Abstract

Scholarship on Zionist and Israeli cinema is in agreement as to the major periods and movements in this corpus. During the prestate period, and especially after the 1920s, the Zionist movement used cinema to propagate Zionist ideology and to gather financial and political support. Following the 1948 independence of the State of Israel, and during the 1950s and 1960s, Israeli films continued to comply with the Zionist master-narrative. A heroic-nationalist genre related to the emergence of a generation of native-born Israelis—Sabras—now made the new Israeli warriors, and not the pioneering group, its protagonists. In the 1960s and 1970s, two genres that broke away from representing heroic nationalist mythology can be discerned.
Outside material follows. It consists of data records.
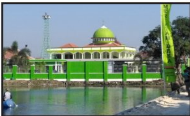
Gambar 1 Masjid Besar At-Taqwa Kecamatan Undaan

Kudus. Kondisi ini juga tampak dalam realitas keagamaan yang berkembang di Kecamatan Undaan. 39 masjid menjadi bagian penyebaran kegiatan-kegiatan keagamaan di masjid-masjid desa Se-Kecamatan Undaan. Masjid-masjid tersebut juga secara faktual telah tercatat di Kementerian Agama RI pada laman website Ditjend Bimas Islam, yaitu: http://www.simas.kemenag.go.id/ . Dalam data base ini juga tercatat satu masjid besar menjadi fasilitas keagamaan yang termasuk dalam cakupan administrasi keagamaan di Kecamatan Undaan.
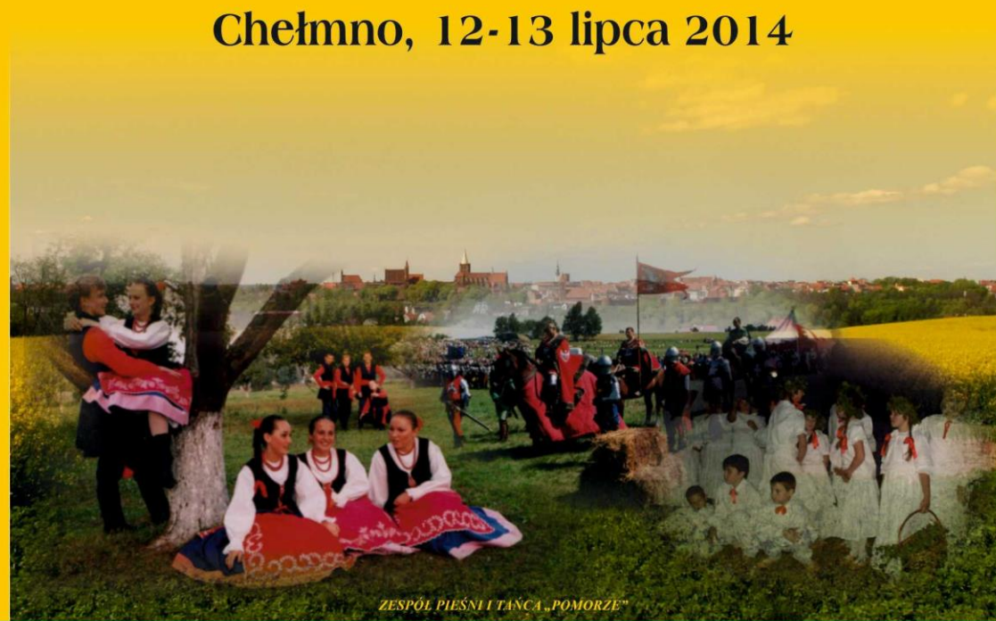
ZESPÓŁ PIEŚNI I TAŃCA „POMORZE”

chełmo.com.pl INTERNETOWY SERWIS INFORMACYJNY
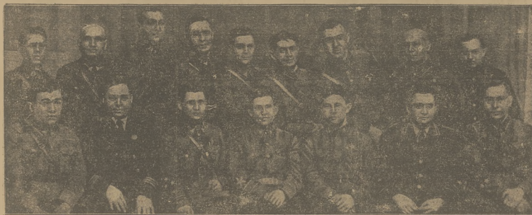
GPU — DOMENA ŻYDÓW
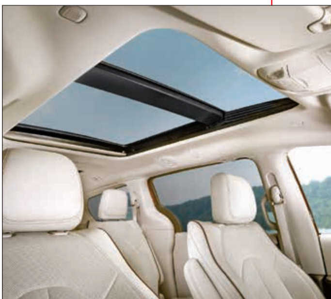
فتحة سقف بانورامية

نظيف. ومع سطح شاشة لامعة تسمح بتباين عالٍ، يتم الشعور بشاشة تعمل باللمس مستقبلية وتتمشى مع الأجهزة الحديثة الأخرى، مثل التابلت. وفي ضوء النهار، تبدو المقصورة في غاية الجمال والروعة، مع لوحة أجهزة قياس أنيقة، وسطح سائل في وسطها. وعلى صعيد طرازات ذات مستويات أعلى، تضيف لوحة أجهزة بحواف مخبطة لمسمة من الزخرفة الرائعة. وأثناء الليل، تثير المقصورة عواطف مختلفة مع طلة تقنية أعلى، مع إضاءة بيضاء على الأزرار وتوهج الشاشة العنقودية بكلمة «كرايسلر» باللون الأزرق. كما تستخدم عناصر التحكم الأخرى أيضاً الإضاءة الزرقاء، مقابل الإضاءة البرتقالية المستخدمة تقليدياً، وذلك لتحقيق طلة أكثر أناقة وتطوراً.
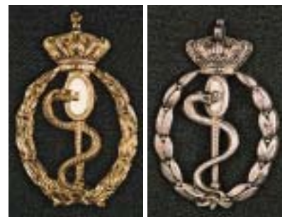
Militair geneeskundige bekwaamheid 1) goudkleurig: arts 2) zilverkleurig: tandarts

One is the popular Bourekas genre—mainly comedies but also melodramas and musicals—that focuses on the interethnic tension between Mizrahi and Ashkenazi Jews in Israeli society, which is resolved through the (ideologically suspect according to many scholars) union of a mixed ethnic couple. A different, small group of films from the mid-1960s and 1970s has been labeled by critics and scholars as personal cinema, Israeli modernist cinema, the Israeli New Wave, or the New Sensibility. These are often extremely low-budget, black-and-white, and ostensibly apolitical films that are characterized by experimental cinematic techniques; fragmentary, minimal, and open-ended narratives; alienated protagonists; and existential themes. While the Bourekas films were extremely successful at the box office but loathed by many critics, the personal cinema was warmly received by critics but suffered from dismal ticket sales. From the late 1970s, with the rise of the right-wing Likud Party, through the early 1990s, Israeli cinema was dominated by explicitly political films that tried to challenge the Zionist ideology of the past and gave increased visibility to outsiders and outcasts. This is also the period in which substantial academic scholarship on Israeli cinema began to appear, with works by Judd Ne’eman, Ella Shohat, and scholars such as Nurith Gertz, Nitzan Ben-Shaul, Yosefa Loshitzky, Yael Munk, Raz Yosef, Régine-Mihal Friedman, Orly Lubin, and Anat Zanger. Since the 1990s, and especially in the new millennium, Israeli films have enjoyed critical and popular success both locally and internationally. Scholarship has noted this cinema’s complex explorations of trauma and personal and collective memories and identities.